:: Data supplied

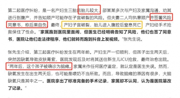 生的时候产妇子宫破裂,孩子窒息而死,他们就开始闹了,同样在网上发视频维权。
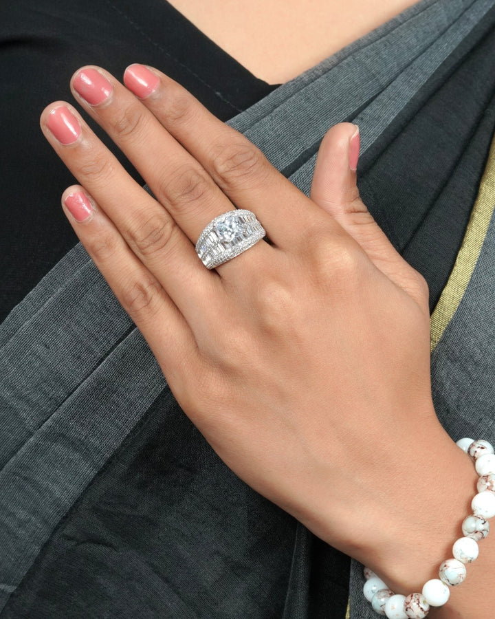 "Diamond jewellery is a timeless symbol of elegance and luxury, crafted with sparkling diamonds set in precious metals. Known for their brilliance, durability, and classic appeal, diamond pieces are cherished for both everyday wear and special occasions, making them a perfect blend of sophistication and everlasting beauty." Stone type: Cubic Zirconia (CZ) or Crystal, Plating: [silver, gold], Material: [ brass ], Store in a cool, dry place away from direct sunlight, Avoid exposure to harsh chemicals or cleaning products, Clean with soft cloth and mild soap solution.Experience the sparkle and shine of imitation diamond jewelry without the hefty price tag. Order now!"
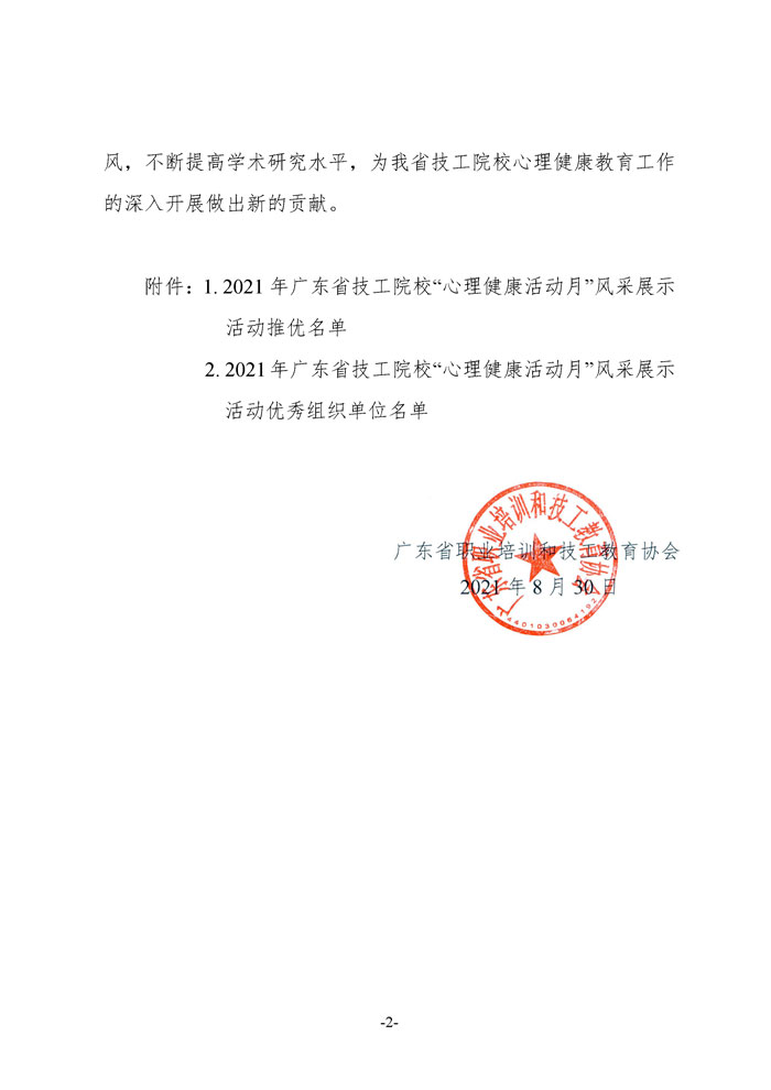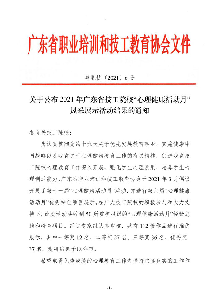 文件下载:关于公布2021年广东省技工院校“心理健康活动月”风采展示活动结果的通知(粤职协〔2021〕6号) 点击下载
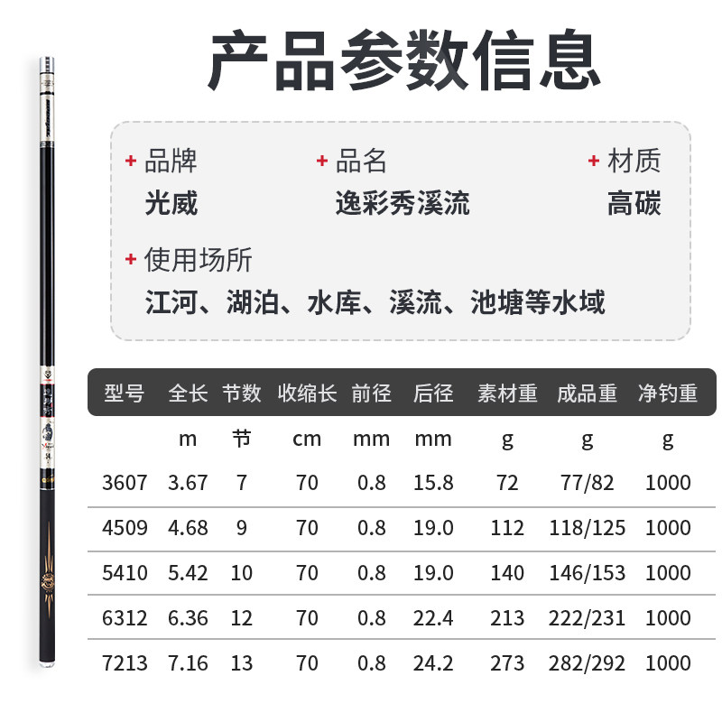 天猫光威鱼竿逸彩秀短节便携碳素杆溪流竿鲫鱼竿鲤鱼综合竿手竿钓鱼竿
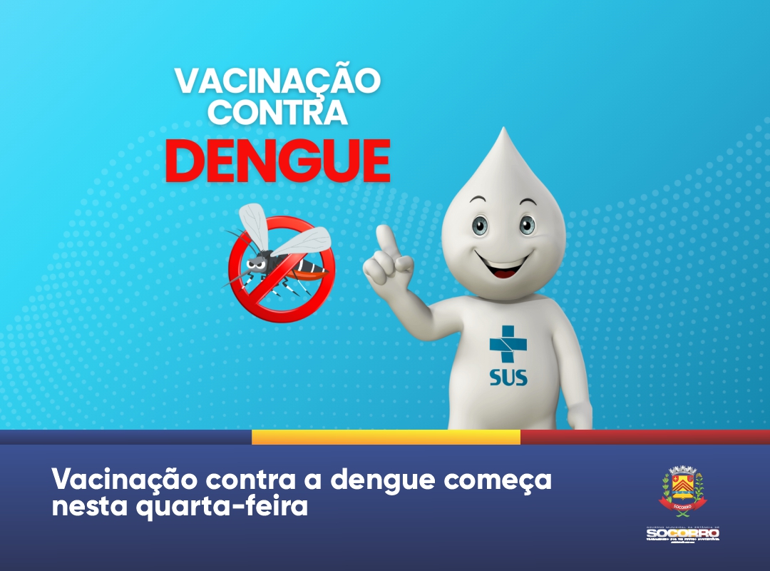 A Secretaria de Saúde de Socorro e a Vigilância em Saúde informam que a vacinação contra a dengue começa na próxima quarta-feira (15), nas seguintes unidades de saúde: ESF Aparecidinha, ESF Santa Cruz, ESF Jardim Araújo, ESF Vila Palmira e ESF Oratório. O atendimento é das 8h às 15h. O público alvo dessa campanha são primeiramente crianças de 10 e 11 anos.
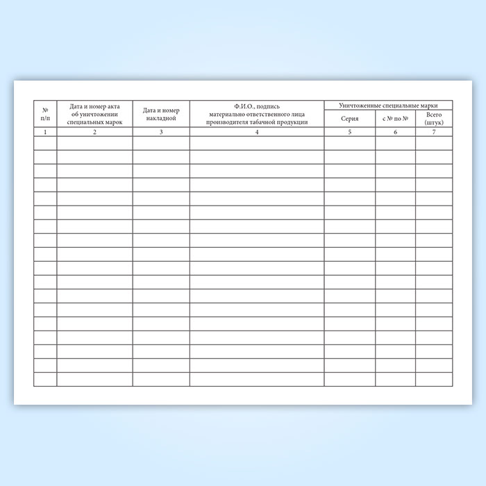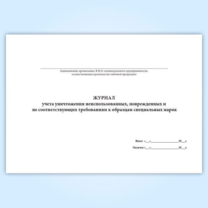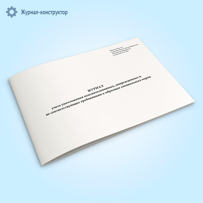Журнал учета уничтожения неиспользованных, поврежденных и не соответствующих требованиям к образцам специальных марок в Альметьевске купить
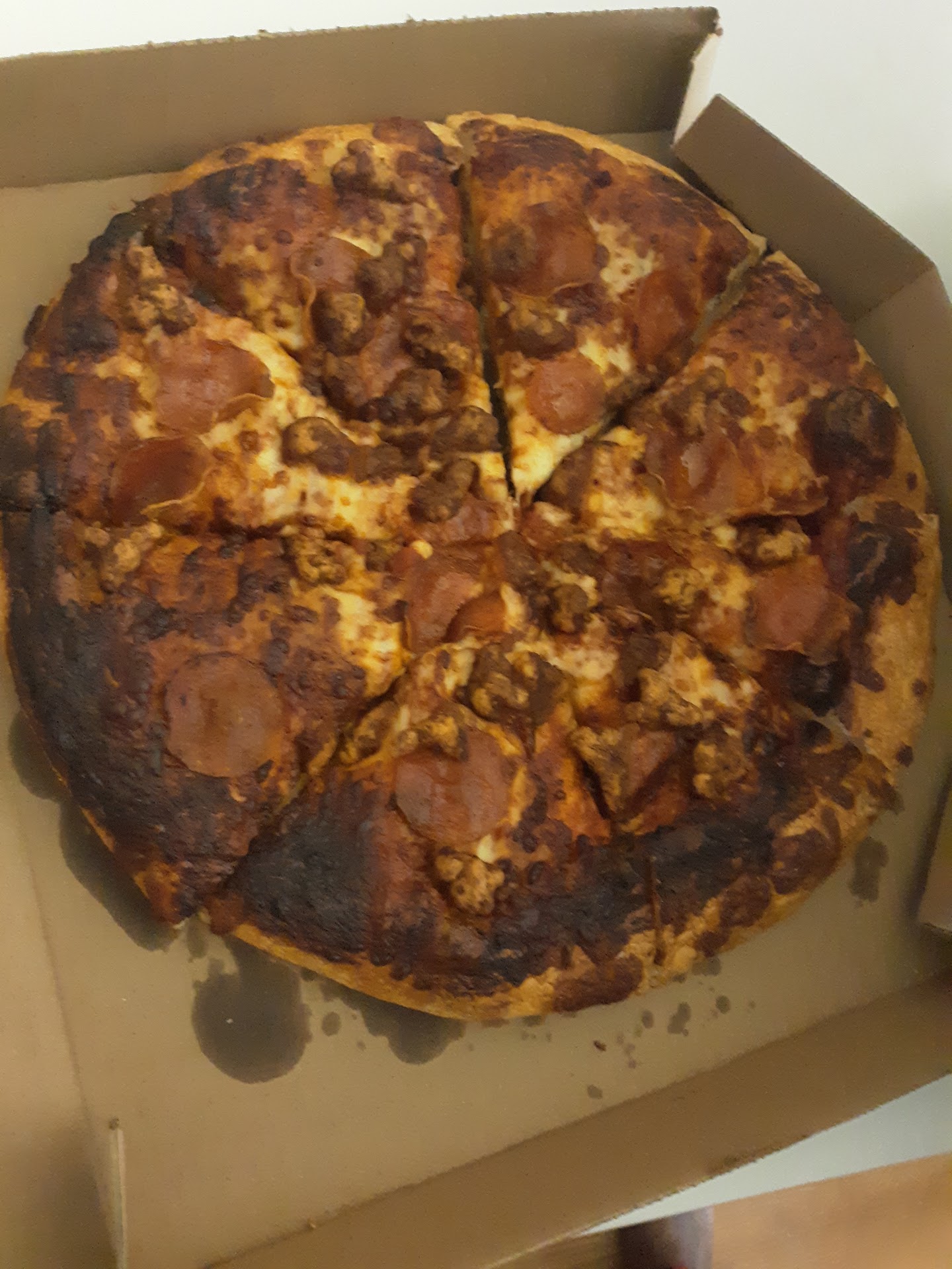 I placed my order online for contactless curbside pickup. Once I arrived at this location, I spent an additional 10 minutes calling to let them know I'm waiting in my car. Again, after 10 minutes, finally, an associate (woman) picked up the phone. There was a lot of static on the phone line, along with, a lot of background noise. Neither the associate (woman) nor I could hear one another clearly. The both of us had to repeat ourselves several times. When I brought up the notion of having to call for 10 minutes, the associate (woman) didn't acknowledge nor apologize for the inconvenience. The associate (woman), simply, continued with the call and stated that my order will be out shortly. Side note: A delivery driver that wasn't wearing a mask or any gloves, pulled up, carrying a delivery bag, walked inside after I ended the call. This same delivery driver walked right out with my order. That being said, that let's me know, he didn't wash his hands or use any Sanitizer. Though, this delivery driver was sweet and let me know to be careful because the pizzas were hot. That doesn't excuse the fact that COVID-19 regulations are in effect for a reason and this location is not abiding. Once he placed my order in my car, I checked to ensure it was correct and noticed how much grease was smeared all over the pizza boxes. Absolutely gross! I expected more from one of the top three pizza business chain in the United...

::::

> **Work required**: The copy should hold exactly the lines from the one containing "A Secretaria de" through the final line of the records above, both ends included, and no picture.

> **Answer space**:
 A Secretaria de Saúde de Socorro e a Vigilância em Saúde informam que a vacinação contra a dengue começa na próxima quarta-feira (15), nas seguintes unidades de saúde: ESF Aparecidinha, ESF Santa Cruz, ESF Jardim Araújo, ESF Vila Palmira e ESF Oratório. O atendimento é das 8h às 15h. O público alvo dessa campanha são primeiramente crianças de 10 e 11 anos.
Журнал учета уничтожения неиспользованных, поврежденных и не соответствующих требованиям к образцам специальных марок в Альметьевске купить
 I placed my order online for contactless curbside pickup. Once I arrived at this location, I spent an additional 10 minutes calling to let them know I'm waiting in my car. Again, after 10 minutes, finally, an associate (woman) picked up the phone. There was a lot of static on the phone line, along with, a lot of background noise. Neither the associate (woman) nor I could hear one another clearly. The both of us had to repeat ourselves several times. When I brought up the notion of having to call for 10 minutes, the associate (woman) didn't acknowledge nor apologize for the inconvenience. The associate (woman), simply, continued with the call and stated that my order will be out shortly. Side note: A delivery driver that wasn't wearing a mask or any gloves, pulled up, carrying a delivery bag, walked inside after I ended the call. This same delivery driver walked right out with my order. That being said, that let's me know, he didn't wash his hands or use any Sanitizer. Though, this delivery driver was sweet and let me know to be careful because the pizzas were hot. That doesn't excuse the fact that COVID-19 regulations are in effect for a reason and this location is not abiding. Once he placed my order in my car, I checked to ensure it was correct and noticed how much grease was smeared all over the pizza boxes. Absolutely gross! I expected more from one of the top three pizza business chain in the United...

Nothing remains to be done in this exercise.